In the sparse woods to the right of their little campground, something moved. The sound of the ocean did not quite mask the crackling of branches. Before he had a chance to get properly terrified or wake Vance up to see what it was, something ambled out of the woods into the moonlight. In his misty, smoked-glass vision, he could only tell that it had four legs, but that was enough to reassure him they weren’t about to be murdered. Likely a deer, of course. Could he shoot it now? he wondered, seeing the doe from his youth—bob-tailed, with walnut spots on the white ruff of her chest—chewing a leaf with a look of nervous distraction. Probably not. He wasn’t that different now than he’d been then; so much time and energy spent going nowhere. From inside the tent Vance snored innocently, a soft glottal sigh. Whatever it was out there moved away, grew fainter and fainter, at some point melting back into the smudged darkness of the trees. It had sensed his presence and moved away—embarrassed and unsettled. You are the monster, he thought. It’s you.
Tycho Brahe.
CHAPTER SEVEN
They woke with the break of day, as well as an infestation of some kind of sand flea. Swatting themselves like penitent Sufi mystics, they unpitched the tent and clambered back up to the road.
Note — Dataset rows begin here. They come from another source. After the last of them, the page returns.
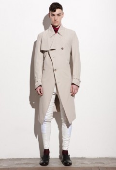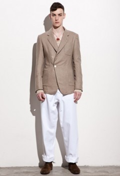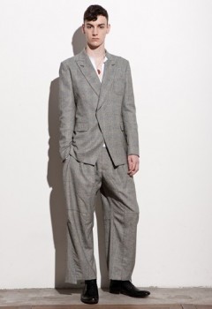 A primeira coleção de Sarah Burton para Alexander McQueen vai ser exibida na semana da moda masculina de Milão nos próximos dias. O site WWD mostrou um preview de alguns looks, que casam as referências da alfaiataria da Savile Row com a visão da Inglaterra que McQueen tinha. Trenchcoats, calças mais curtas e de gancho baixo, e blazers com abotoamento lateral são as peças-chave.
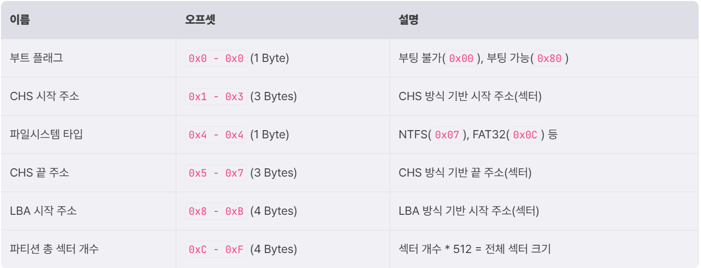 - 그 다음 3바이트 → 시작 위치(CHS)
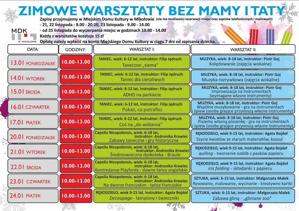 Każdy z warsztatów kosztuje 15 zł. Opłatę należy wpłacić na konto Miejskiego Domu Kultury w ciągu 7 dni od zapisania dziecka.
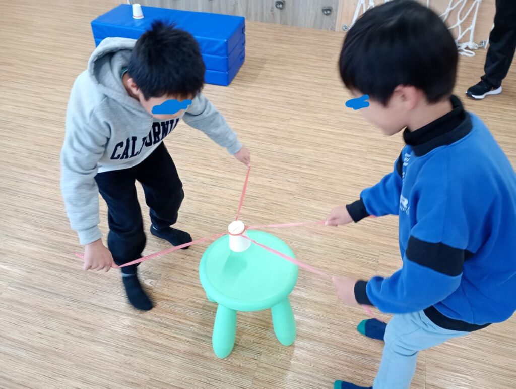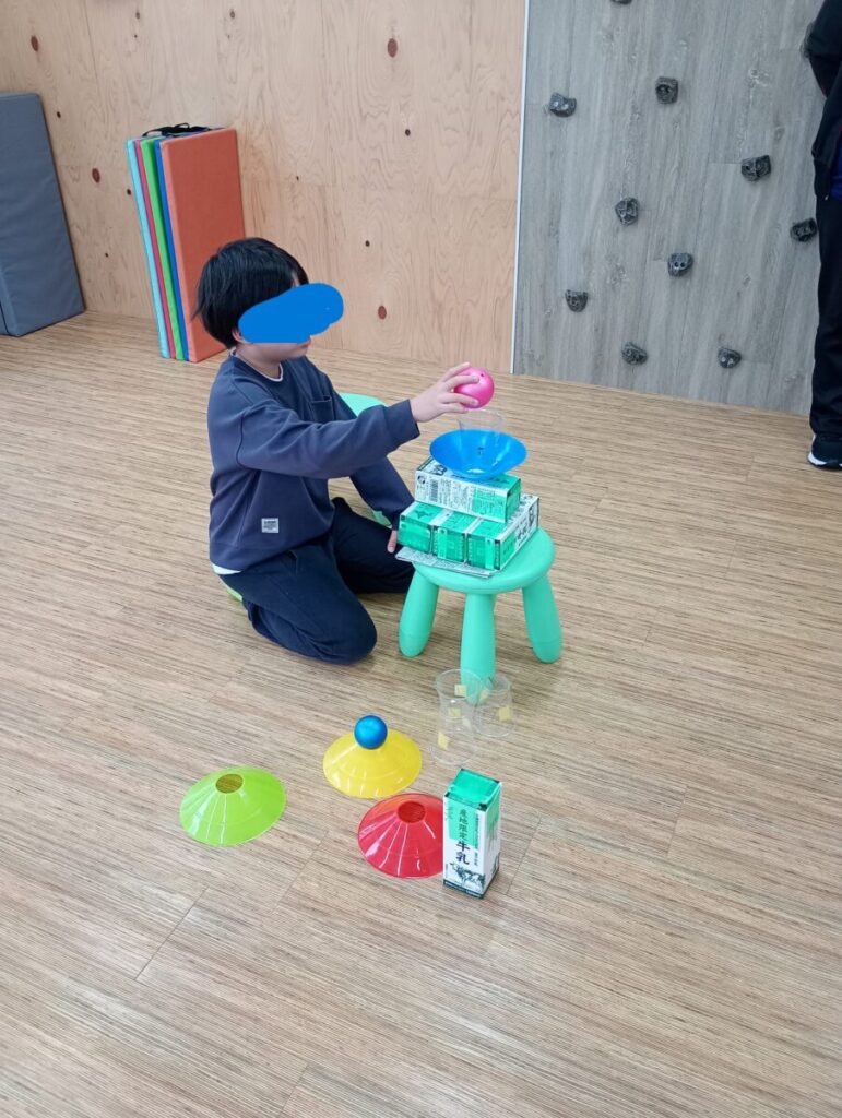 今日は牛乳パック、ボール、カラーコーンなどを上に積み上げ 積み上げたものを見えないお友だちに自分の指示で伝え 同じように出来上がるか・・・というトレーニングでし…
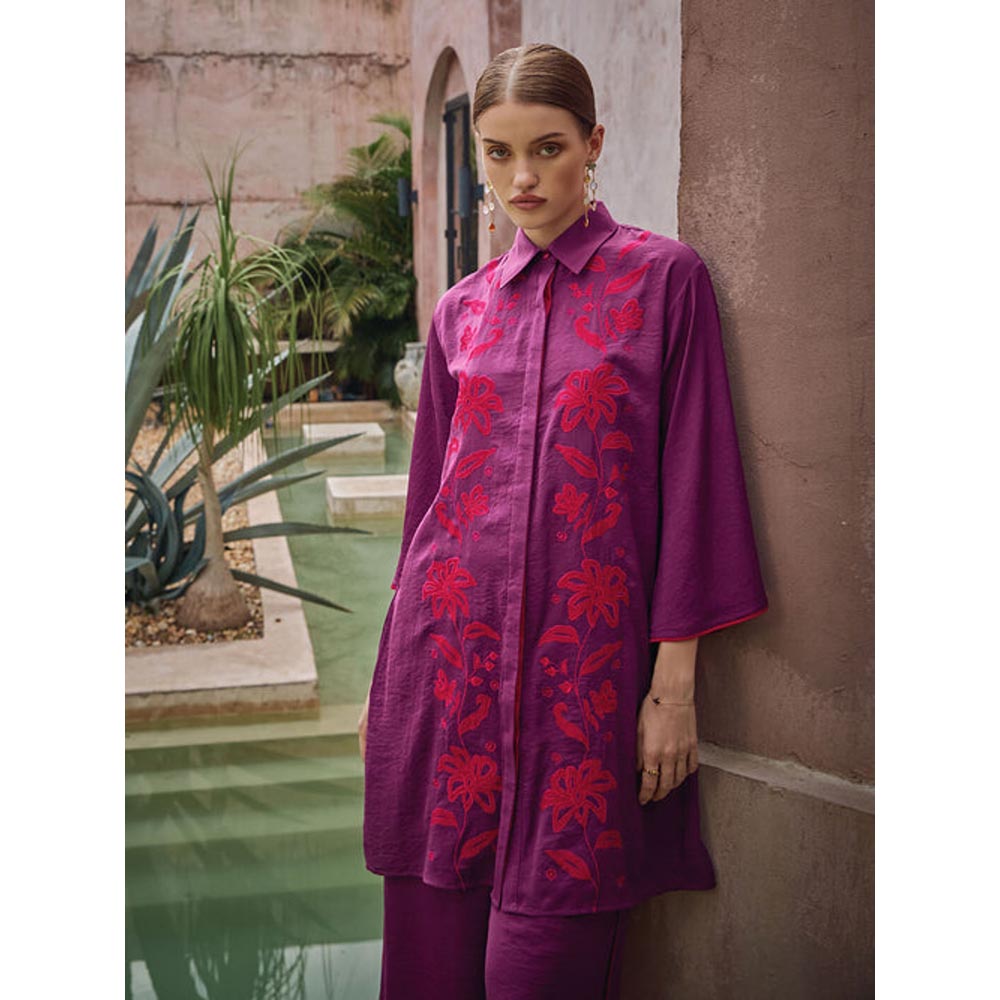 House of Fett Dahlia Crepe Embroidered Tunic - Purple
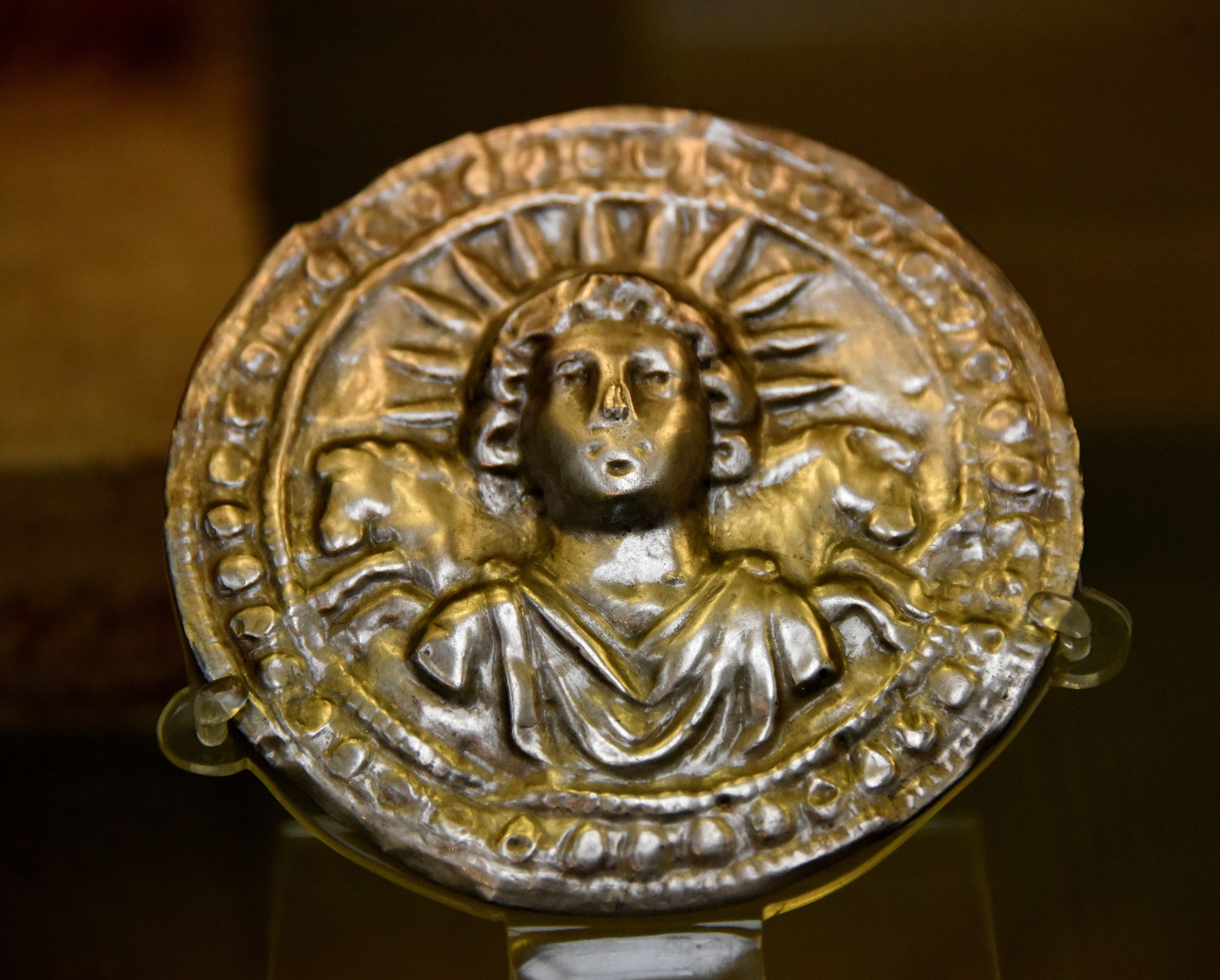 Silver leaf disc dedicated to the sun god Sol. Sol is crowned with rays. Two horses appear behind his shoulders. From Pessinus (Bala-Hissar, Asia Minor), in modern-day Turkey. Roman period, 3rd century CE.

Climbing into the car, Richard looked down at his arms, swollen with little red bites. “This is why I never do anything,” he said. “Doing something is always a mistake.”
Vance scratched his long neck, leaving red trails from ear to collarbone. He U-turned and pointed them south in the gray light, the rising sun still obscured by the eastern forest’s edge. Richard burrowed into the crook of seat and door and was just feeling the first welcome tendrils of reclaimed sleep when the car coasted onto the shoulder and stopped. Smoke billowed from the hood in thick, healthy plumes. “Shit,” the kid said.
“What happened?”
“Something’s wrong.”
“Oh really? It’s not supposed to be doing that?”
Vance got out and opened the hood, releasing a gust of black smoke directly into his face that bent him double in hacking convulsions. Richard waved at a passing car, which accelerated. But after three more tries, someone with a sufficient shred of conscience, or else nowhere important to be, pulled over. A very fat man—fatter than Richard, an increasingly rare and gratifying occurrence—got out and stood by his car. “You fellas need a lift?”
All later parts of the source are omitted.